Cicero, Dom., 8, 19 ( Nisard, Paris, 1840 ).
  

 
Non, ce n'est pas avec vous que je raisonne ainsi ; je tiendrais ce langage à ceux qui déclarent que, s'il était à propos de confier à un seul homme quelque partie du gouvernement, ils la confieraient à Pompée, mais qu'ils blâment ces commissions extraordinaires ; que toutefois, Pompée en ayant été chargé, ils respectent et sont prêts à appuyer ce pouvoir dans les mains d'un si grand homme. J'approuverais leur opinion, si je n'en étais empêché par ces triomphes qui ont ajouté à la grandeur de notre nom, et illustré notre empire, dans ces occasions mêmes où Pompée avait été appelé extraordinairement à la défense de la patrie. Je loue du moins ces citoyens respectables, d'être conséquents à leurs principes ; mais je devais être conséquent aussi bien qu'eux, moi qui provoquai la commission extraordinaire en vertu de laquelle il a fait la guerre à Mithridate et à Tigrane.
 

     
Dion Cassius, XXXVI, 40 ( Gros, Paris, 1845-70 ).
  

 
... Le lendemain, le Sénat, instruit de cette proposition (*), la rejeta sur-le-champ : l'indignation de la multitude était montée à son comble. Manilius, qui en fut effrayé, attribua d'abord à Crassus et à quelques autres la pensée de cette loi ; mais comme personne ne le crut, il chercha, malgré une vive répugnance, à flatter Pompée et prit surtout ce parti, parce qu'il savait que Gabinius avait beaucoup de crédit auprès de lui. Il lui fit donc confier la guerre contre Tigrane et contre Mithridate, avec le gouvernement de la Bithynie et de la Cilicie.
——
(*)  Proposition prescrivant de répartir les affranchis dans toutes les tribus.
 

     
Eutropius, VI ( Dubois, Paris, 1865 ).
  

 
10. Tandis que ces événements avaient lieu, les pirates infestaient toutes les mers, en sorte que les Romains, vainqueurs du monde entier, n’étaient plus entravés que dans leur navigation. Un décret confia la conduite de cette guerre à Cn. Pompée, qui la termina en peu de mois avec un bonheur et une célérité sans exemple.
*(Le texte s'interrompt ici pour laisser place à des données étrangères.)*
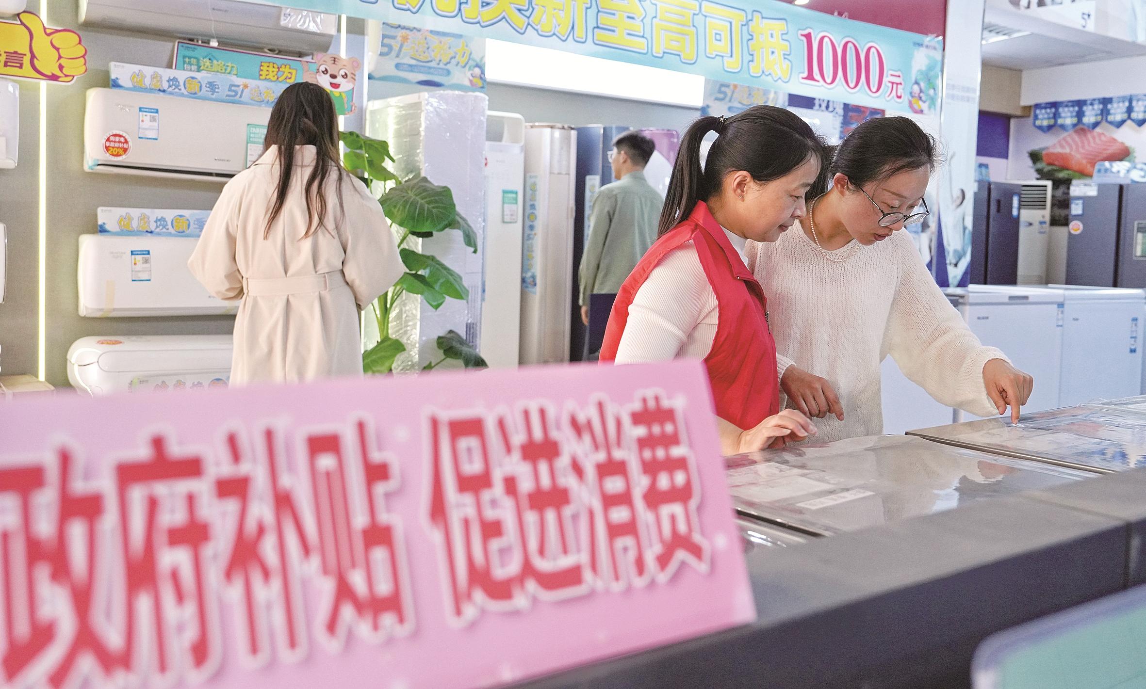 2025年5月2日,顾客在江苏省海安市墩头镇一家商场选购补贴家电。 新华社发(周强 摄)

Bientôt on lui remit aussi le soin de combattre Mithridate et Tigrane ...
 

     
Livius, Per., C ( Nisard, Paris, 1864 ).
  

 
Le tribun du peuple, C. Manilius, soulève une vive indignation dans l'aristocratie en proposant une loi qui défère à Pompée la conduite de la guerre contre Mithridate. ...
 

     
Plutarch, Luc., 35 ( Ricard, Paris, 1883 ).
  

 
... Les commissaires de la grande assemblée étaient déjà là pour régler la situation du Pont, que l'on croyait pacifié. Hélas ! en arrivant ils ne le virent (Lucullus) même pas maître de sa personne, tant ses soldats l'insultaient et l'outrageaient bassement ! Les rebelles en étaient venus à un tel excès d'insolence envers le général qu'à la fin de l'été, revêtant leurs armes et tirant l'épée, ils provoquaient les ennemis qui ne se montraient nulle part et avaient renoncé désormais à la lutte. Ils poussaient des cris de guerre et s'escrimaient dans le vide ; à la fin, ils se retirèrent du retranchement, jurant leurs grands dieux qu'aux termes de la convention conclue avec Lucullus ils avaient fait leur temps. Quant aux autres, Pompée les appelait à lui par lettres ; car il était déjà désigné pour commander la campagne contre Mithridate et Tigrane. Il devait cet honneur à sa popularité et aux intrigues des démagogues, alors qu'aux yeux, du moins, du Sénat et de l'aristocratie, Lucullus paraissait victime d'un traitement indigne ; car il laissait en héritage à ses successeurs non pas la guerre, mais le triomphe ; et ce n'était pas un commandement, mais le fruit de ce commandement, qu'on le forçait d'abandonner et de céder à d'autres.
 

     
Plutarch, Pomp., 30 ( Ricard, Paris, 1883 ).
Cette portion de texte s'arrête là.